Friday, May 16, 2014

Why I've been distant...

Once again I wake in the night with a million thoughts flowing (and a racing heart, but that's kind of normal right now).

A few people have noticed that I've been acting a little different lately. I will admit that I see it, too, and there is a reason behind it. Part of it is the anger that I felt when I was betrayed and abandoned (that is how it felt) during a time when I was scared out of my wits with medical issues (more about that in a moment), financial stress, and so much more. As the stress rose, my tolerance for others dropped. The stress has been subsiding, but the low tolerance seems to be holding steady. Yes, I know that's not the "right" way to be, but I am working on it.

You see, not long ago, I was faced with the sudden reality that time is seriously short. I knew this with my head, but not so much with my Being.

Of course, none of us really know how much time we have left on this earth, but there are things that tend to make us think about how little time we might have, even with a natural death. For example, I've been thinking about my mother recently. She died almost 20 years ago from complications due to the cancer she had. She was only 43. I don't have any of the cancers she did (and am not likely to get them), but I do have an issue with my heart. When I first found out about it (a little over a year & a half ago, I believe) I was more than a little nervous, but I was hopeful that everything would be alright. Everything is still mostly alright, but it has progressed somewhat (likely because of the stress on my body due to the pneumonia). I was told late last year that, for now, I don't need surgery to repair it, but it's still a strong future possibility. When I heard this news, I was more frightened than I've been since... well, I don't remember, actually. I needed someone to talk with. But, at the time, I didn't feel that I had anyone to turn to and talk about it. I did try to reach out to someone, but they were "in a mood" and unwilling to call me. That, combined with a few other things, made me realize that I needed to grasp my life and make some tough choices about what I'd allow to affect me. I had to let go of the things, and the people, that were bringing me sorrow or stress. Life really is too short, even if I get 100 years.

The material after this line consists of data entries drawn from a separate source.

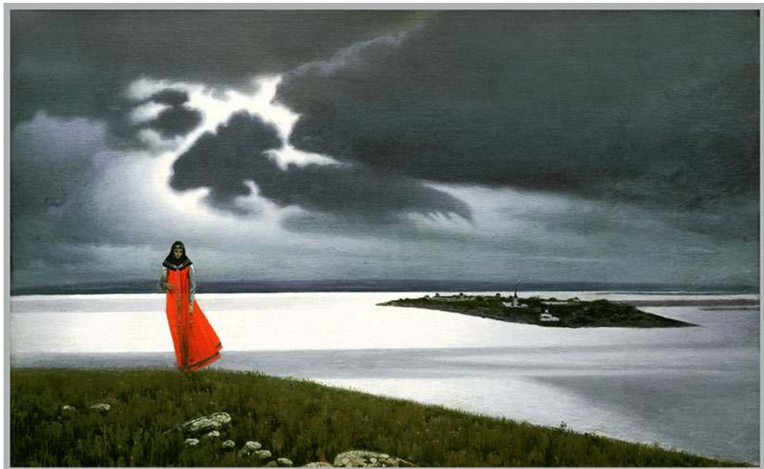
Над Волгой (Свияжск)
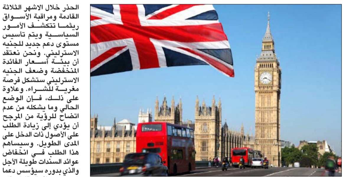
لايزال سوق العقارات التجارية في بريطانيا قويا كما كان قبل التصويت

الحذر خلال الأشهر الثلاثة القادمة ومراقبة الأسواق ريثما تتكشف الأمور السياسية ويتم تأسيس مستوى دعم جديد للجنيه الإسترليني. ونحن نعتقد أن بيئة أسعار الفائدة المنخفضة وضعف الجنيه الإسترليني ستشكل فرصة مفريية للشراء. وعلاوة على ذلك، فإن الوضع الحالي وما يشكله من عدم اتضاح للرؤية من المرجح أن يؤدي إلى زيادة الطلب على الأصول ذات الدخل على المدى الطويل. وسيساهم هذا الطلب في انخفاض عوائد السندات طويلة الأجل والذي بدوره سيؤسس دعما لمستوى عوائد الحفارات ذات دخل طويل الأجل. وذكر الخالد «أن المستثمرين المقيمين في الدول التي ترتبط عملاتها بالدولار سيتأثرن بشكل مباشر وفوري بتقلبات العملة. فالاستثمارات العقارية التي تمت في المملكة المتحدة خلال الأشهر 12 الماضية منبت بخسائر غير محققة تتراوح بين 15% و15% جراء تراجع سعر الجنيه الإسترليني مقابل الدولار». وتوقع مدير وحدة إدارة الأصول في «غلوبل» أن يشهد الجنيه الإسترليني اتضاح الرؤية وتراجع حالة عدم اليقين. وعلاوة على ذلك، يمكن أن يؤثر مجلس الاحتياطي الفيدرالي الأميركي قراره برفع أسعار الفائدة قبل العام المقبل لعدم الاستقرار الاقتصادي والمالي في الأسواق العالمية مما يدعم الجنيه الإسترليني. كما أن استمرار انخفاض أسعار الفوائد في المملكة المتحدة وأوروبا سوف توفر مزيدا من الحوافز لأسواق العقارات المعنية.
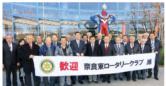
11月26日 福島空港お出迎え一なりた温泉うねめの里(片平町) 「王宮伊豆神社・山ノ井ノ清水・采女神社一三ヶ寺・岩蔵寺・常居寺一モーニング
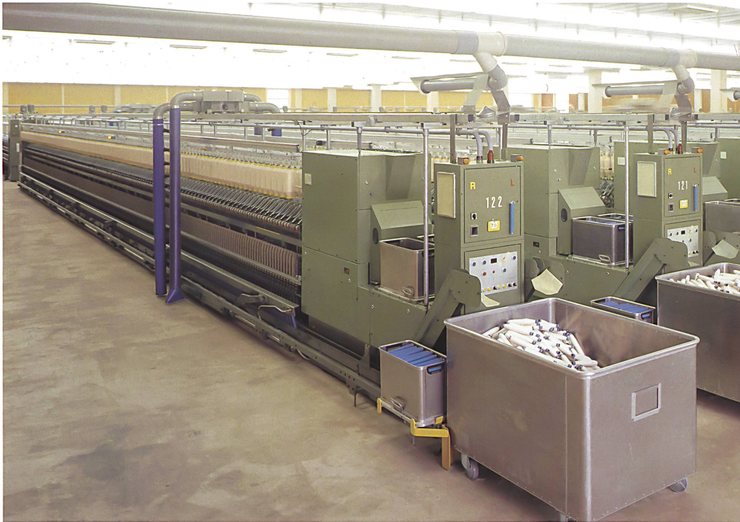
Der riesige Saal mit den vollautomatischen Ringspinnmaschinen ist eine der modernsten Anlagen, die heute existieren.

Im 1981 erstellten Lagerhaus ist ein Vorrat von 2500 t extralangstapiger Baumwolle untergebracht. Um das Brandrisiko zu limitieren, ist der Kubus des Baues in vier völlig getrennte Kammern unterteilt, die mit neusten Feuermeldeanlagen ausgerüstet sind. Besonders konzipierte Lichtkuppeln würden bei einem Brandausbruch dafür sorgen, dass die entstehenden
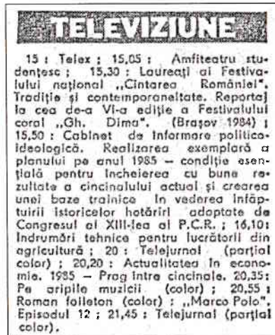
Fig. 2 – Programul TV de marți, 8 ianuarie 1985. Doar TVR 1, pentru că TVR 2 emitea doar în weekend
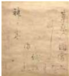
八幡名物 一休色紙 個人蔵 松花堂昭乗が愛蔵し、茶会でも 使用した一休和尚の色紙です
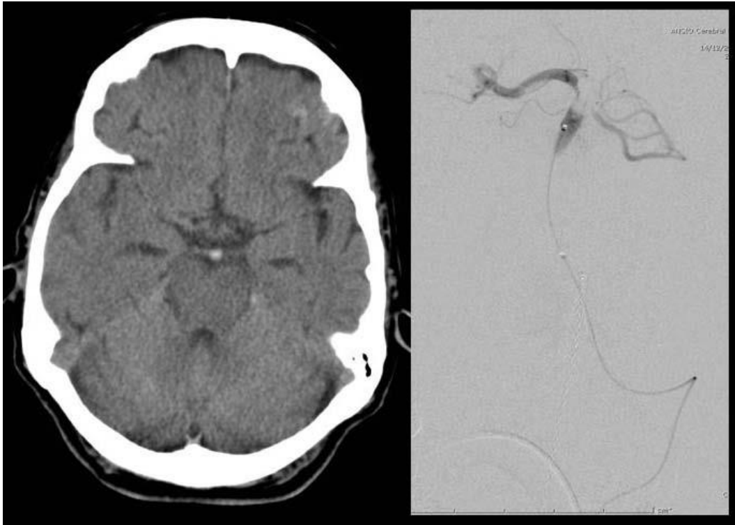
Slika 4 – Lijevo: CT nalaz kod pacijenta s akutnom hemiparezom i poremećajem svijesti; Desno: nalaz digitalne subtraksijske angiografije kod istog pacijenta, vidljiva okluzija vrha bazilarne arterije.

lokalizaciji se moguće orijentirati tražeći ispade funkcije tih struktura neurološkim pregledom, a za potvrdu se mogu učiniti neuroradiološke pretrage. Na CT-u se bazilarna okluzija, kao i većina ishemijskih lezija, slabo vidi u akutnoj fazi. Zato se najbolje poslužiti nekom od angiografskih metoda. U KBC Zagreb se kod pacijenata sa sumnjom na ishemijski moždani udar koji su unutar vremenskog okvira za intervenciju rutinski radi CT angiografija.
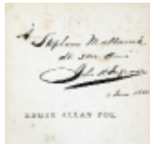
Envoi manuscrit de John Ingram à Mallarmé sur son ouvrage Edgar Poe, His Life, Letters and Opinions , 1880.

Cassatt et fut l'ami intime du peintre Whistler. Mais Anglais, Américains et même Australiens ne sont pas en reste : leurs traductions et leurs études de l'œuvre du poète ont permis sa diffusion dans tout le monde anglophone.
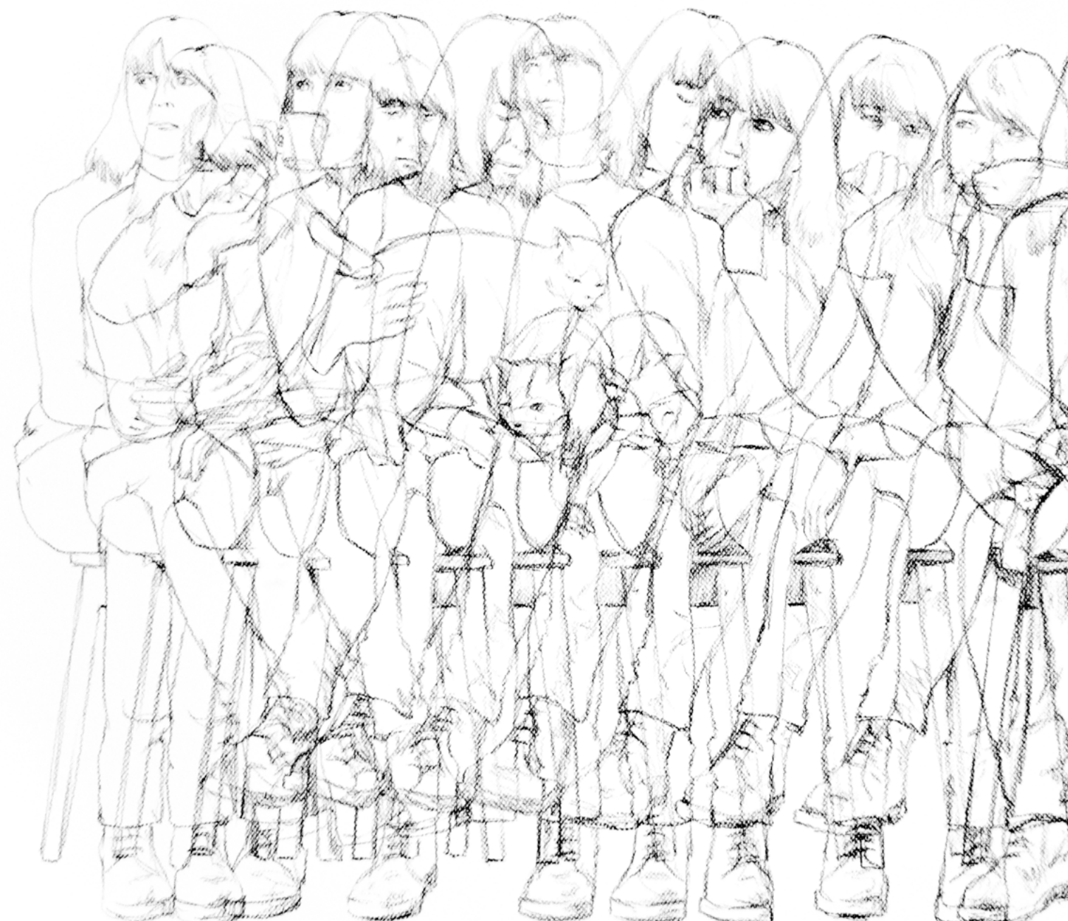
Imagen: 33 (Serie "Punto muerto"), 2014. Lápiz carbón / Papel Canson. Diseño: www.2x1agencia.com D.L.: AS-03359-2013
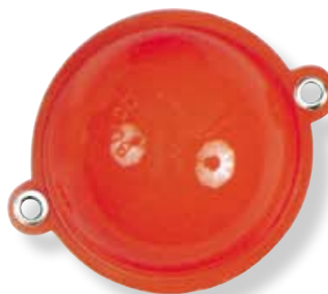
N° 2 - Ø 30 mm - 14 g
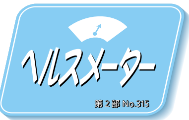
傷の治しかた、今と昔

10時30分 会場 保健センター 内容 歯科健診・個別相談(食事や歯みがきの事など) 持ち物 母子健康手帳、歯ブラシ、コップ、ハンドタオル 申し込み方法 記入例を参照(表面にも、歯科健診申込と明記)のうえ、はがき、封書、持参のいずれかの方法で申し込んでください。 申込期限 8月28日必着
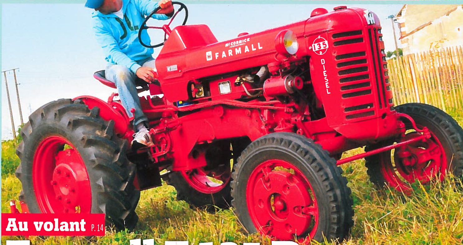
Au volant P. 14

Tractorama 44 - février - mars 2014 - France 5,95 € - Belgique 6,55 € - Suisse 11,80 CHF - Luxembourg 6,50 € - Canada 10 $can

Am I still angry? Yes, I am. The person I was supposed to trust abandoned me when I really needed him. It seemed to be more important to spend time with others than to call me when I asked for a call. Is it petty for me to print this? Most likely. I should be better than that, right? Even so, it hurts to know that I was so easily ignored when I really needed a partner. Some of that anger and pain still keeps me awake at night (obviously)... like now. But, I will not allow it to eat me up. I understand that healing is a process and I need to allow it to happen. I understand that there may be future times when the night is not restful. I will get through them and I will be stronger for it.

Now, I hope to get another hour of sleep before the day begins.